David Morgan Thulin (born 17 June 1983) is a Swedish music producer and film composer. He is known for his Reconstruction album series, multiple chart-topping hits on US Christian and indie radio, and various film/TV credits.

==Early and personal life==
Thulin was born, David Morgan Thulin, on June 17, 1983, in Naverstad, Sweden, while the family would immigrate to Vero Beach, Florida, in 1991. He began to seriously hone his piano acumen, when he turned 12. Thulin is married to Racheal, where they reside in Nashville, Tennessee.

==Music career==
His music recording career start in 2002, while he did not gain notoriety for his music, until 2013, when he released the first installment of the Reconstruction series of albums. The first album, Reconstruction, was released on 23 April 2013, from Dream Records. His subsequent album, Reconstruction, Vol. 2.1, was released on 7 January 2014, with Dream Records.

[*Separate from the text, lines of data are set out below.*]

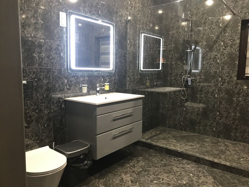 Село Забуччя. 13 км від КП по Житомирській трасі, 19 км від автост.Дачна. 4 км до ЖК Синергія (Ірпінь), 7 км до Бучі. Будинок має 6 кімнат (4 спальні), 2 зали, 4 санвузла, душова. Асфальтований під'Їзд.Будинок під охороною, камери відеоспостереження. Ділянка: Ландшафтний дизайн,басейн, автополив. Відкрита тераса з барбекю. Будинок має мансарду та цокольний поверх. На першому- хол та кухня-студіо, санвузол, туалет та гараж 35 кв.м.. На другому спальня та двоповерховий кабінет, який можно облаштувати під спальню. На третьому кабінет, спальня з санвузлом. Останній поверх- мансарда з санвузлом. На цокольному поверсі велика кімната( під спортзал)де є бігова доріжка, пральна, сауна,душова, техприміщення та 2 кімнати-кладові. На другому поверсі відкрита велика тераса, на третьому балкон. Підлога, керамограніт, плитка, ламінат. Газове опалення, підігрів підлоги на декількох поверхах. камін, сауна. 3 кондіціонера, газовий котел та електроболер. Інтернет оптоволокно.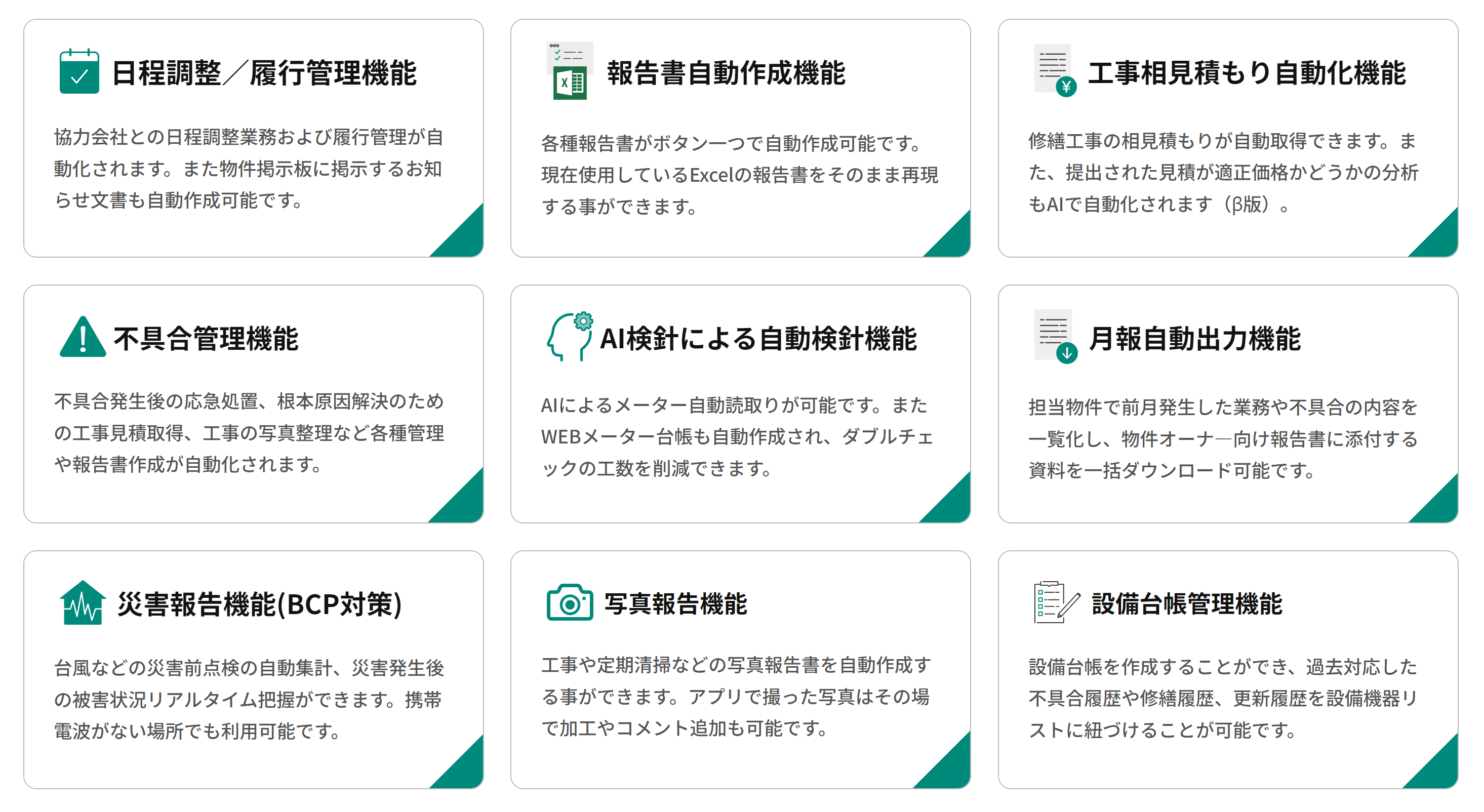 「管理ロイド」は不動産管理会社向けのAI-SaaSソフトウェアです。無料のアプリを使用して点検、検針、清掃報告などの入力を行えば、事務所への帰社後の報告書作成業務が不要になります。これにより、不動産管理実務のペーパーレス化、労働生産性の向上、遠隔確認などが実現できます。紙に起因する単純作業の削減により、労働生産性が向上するとともに、AIを活用した検針ミスの防止や履行管理の一元化により、業務リスクを軽減します。さらに、提出書類のダブルチェックなどをAIがサポートし、不動産管理の品質を向上させます。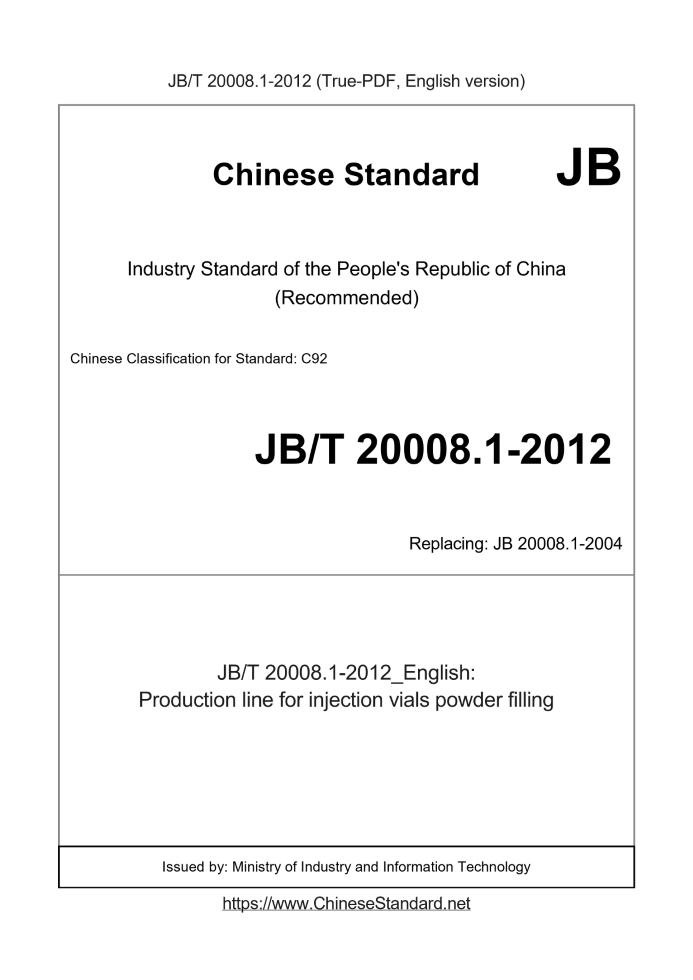 Delivery: <= 3 days. True-PDF full-copy in English will be manually translated and delivered via email. JB/T 20008.1-2012: Production line for injection vials powder filling Status: Valid JB/T 20008.1: Historical versions

He released, Reconstruction, Vol. 2.2, on 30 September 2014, from Dream Records.

==Discography==
Notable albums
- Reconstruction (23 April 2013, Dream)
- Reconstruction, Vol. 2.1 (7 January 2014, Dream)
- Reconstruction, Vol. 2.2 (30 September 2014, Dream)

Other notable works
- Light in Me (Feat. Nicole Croteau) – The Remixes (6 May 2014, Dream)
- Architecture (Jonathan Thulin) - The White Room (2013, Dream) Reached No. 1 on US Christian AC/CHR chart
- Dead Come to Life (Jonathan Thulin) - The White Room (2013, Dream) Reached No. 1 on US Christian AC/CHR chart
- #LITO (Press Play) - #LITO (2013, Dream) Reached No. 8 on US Christian AC/CHR chart
- His Daughter (Molly Kate Kestner) (2015, Broken Phone Productions) Kestner caught the attention of Star Trek's George Takei, commenting on social media, "Has America found its young Adele? I'm nearly breathless from listening." After receiving attention from singer Jordin Sparks, Kestner performed the song on Good Morning America.
- Wide Awake (Joel Vaughn) - Kinetic (2016 Dream) Reached No. 30 on US Christian AC/CHR chart and No. 1 on Australia's TCM charts.